The last American boxer to win gold at the Summer Olympics was Andre Ward. That was in Athens, in 2004, in the light-heavyweight division, 178 or so pounds.
It has been a long, dry run. Everyone who knows the first thing about the sport in the United States understands that, and immediately.
“We’re going to go back to the golden days of boxing and the USA is going to reign again in the future!” the president of USA Boxing, Hal Adonis, all but shouted into the microphone this past Sunday night between matches as the first season of the World Series of Boxing came to a close in Los Angeles.
The crowd roared — a standing-room only mass of some 600 people at the Music Box, just steps from the iconic corner of Hollywood and Vine. In the house: Sugar Ray Leonard, Evander Holyfield, Lou Ferrigno, Jenny McCarthy, Julie Benz and “swimgerie” (that would be “lingerie-inspired swimwear”) designer Lilly Ghalichi, along with swimergie models Johanna and Kristen.
What would the Baron Pierre de Coubertin, the reputed founder of the modern Olympic movement, have thought of such a scene?
“This is innovation,” said C.K. Wu, the president of the international boxing federation, which goes by the acronym AIBA.
Giving the baron the benefit of the doubt: if the intent has always been to get young people involved in sport, the swarms of young men wearing replica USC jerseys who cheered boisterously for the fighters and then lined up to get their photos taken with Johanna and Kristen in those revealing “swimgerie” suits — it all seemed good.
As did the real surprise of the evening, and perhaps the reason there might be — genuinely — reason for optimism in Mr. Adonis’ corner.
In boxing, you never know. The sport can be so political. Then again, as the saying goes, you simply can not teach speed, and Chris Pearson is mighty fast.
In the third fight of five Sunday, Pearson, a 20-year-old left-hander from a little town northwest of Dayton called Trotwood, Ohio, defeated a 2008 Beijing Games gold medalist, Bakhyt Sarsekbayev of Kazakhstan.
Pearson had come to the Matadors late in the season, referred by Rau’shee Warren, the 2007 flyweight world champion (112 pounds) and 2008 U.S. Olympic team member. Warren is also an Ohio guy. He’s from Cincinnati, about 50 miles south of Dayton.
In a March 14 fight, Pearson, now fighting as a middleweight, at 160 pounds, had defeated one of the league’s top fighters, Yamaguchi Florentino.
In the third round against Sarsekbayev, the 2008 welterweight gold medalist now fighting up as a middleweight, at 160, Pearson opened up a big cut over the Kazakh fighter’s left eye.

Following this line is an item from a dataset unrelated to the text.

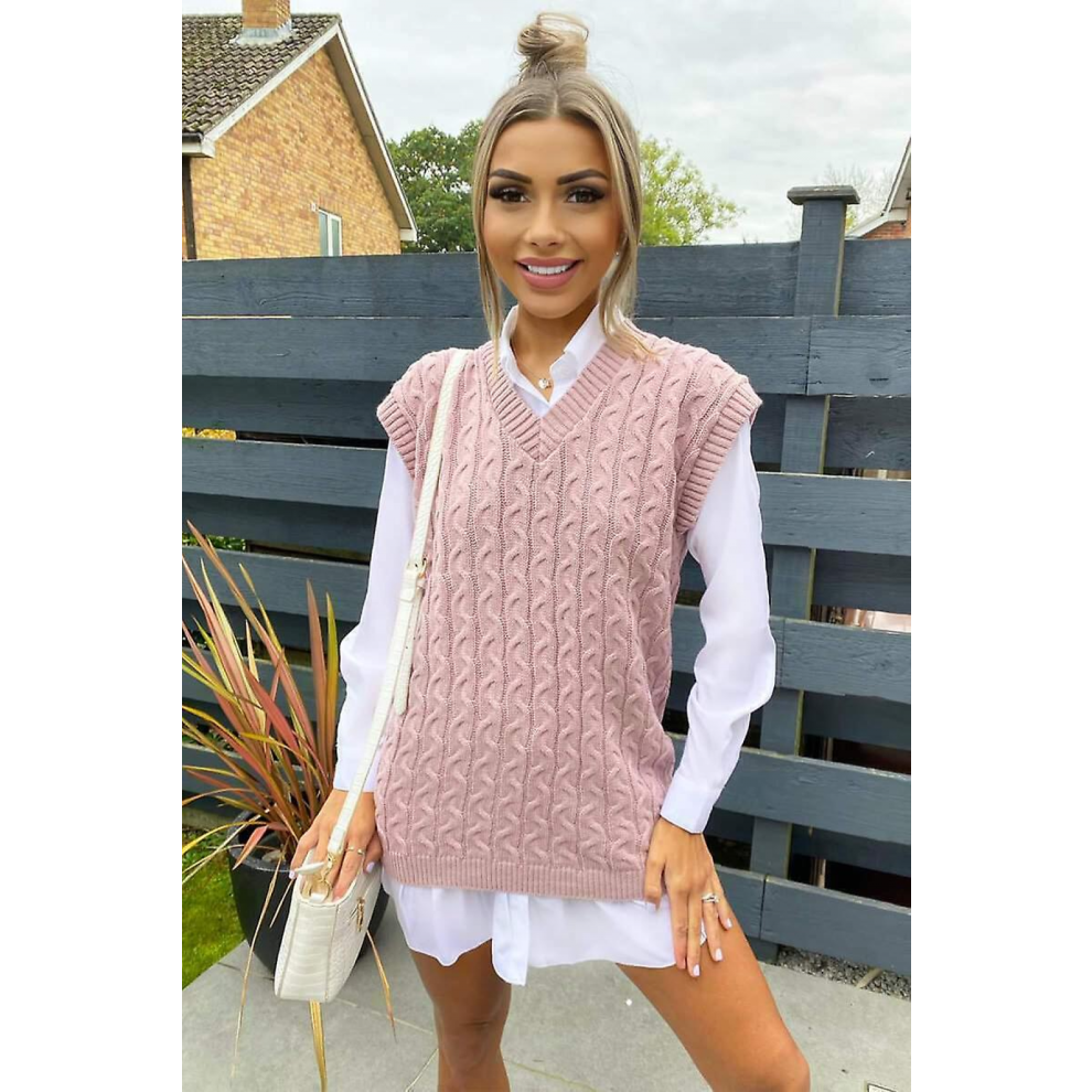 Womens Ladies Cable Knit Sleeveless Vest Knitted Jumper Tank Top Winter SweatersPinkS

From then on, Pearson controlled the bout. He won a split decision: 50-45, 49-46, 47-48.
You want to root for a guy like Chris Pearson. He was raised by a single dad, Milton. Dad has been working for the Montgomery County court system for 21 years now. Chris’ grandfather, Troy, and his grandmother, Zell, have been married for more than 50 years — they were college sweethearts at Fort Valley State. Troy used to run a youth basketball program that’s famous in and around southwest Ohio, the Dayton Mohawks.
Chris was a really good high school basketball and football player — he was being recruited by big-time college programs — until he tore up a knee.

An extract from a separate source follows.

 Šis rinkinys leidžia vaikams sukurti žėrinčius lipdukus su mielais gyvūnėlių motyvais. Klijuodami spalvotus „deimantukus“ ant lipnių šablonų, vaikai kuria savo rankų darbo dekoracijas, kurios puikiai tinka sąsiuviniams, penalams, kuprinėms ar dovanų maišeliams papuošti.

It’s not that he wasn’t known as a boxer. He was, after all, a 2009 national PAL champ.
But now he’s older, and bigger, and stronger — after time at Northern Michigan University, at Marquette, Mich., and the U.S. Olympic Education Center there. While he has been earning two years worth of college credits, Chris Pearson said, way out of the spotlight up there in northern Michigan, he has been working on his boxing, and he has been working hard.
“Going in,” meaning to the fight with Sarsekbayev,” Milton Pearson said, referring to his son, “he told me, ‘If I beat him, I am going to open some eyes.’
“I told him, ‘Just go in and do what you know how to do.’ ”
As Chris Pearson later said in a telephone interview, “He knew he wasn’t fighting no slouch.”
There’s a long way to go before Chris Pearson makes the Olympic team — he’s going to have to choose, for instance, whether to fight at the 152- or 165 1/2-pound Olympic weight classes — and there are bound to be a lot of good fighters to be in his way.
But, as he proved Sunday night, he’s pretty good himself. And bound to keep getting better.
Andre Ward, for one, has already told Chris Pearson that the sky is the limit.
This is why you really want to root for Chris Pearson. He says, “Yes, sir,” and, “No, sir,” when he speaks to you because that’s what his father and grandfather taught him to do. He’s humble about his accomplishments and his prospects even if, truly, the sky might be the limit.
All he will say, with an eye on London and 2012, is this: “I’m thankful for the opportunity to take my fighting to another level.”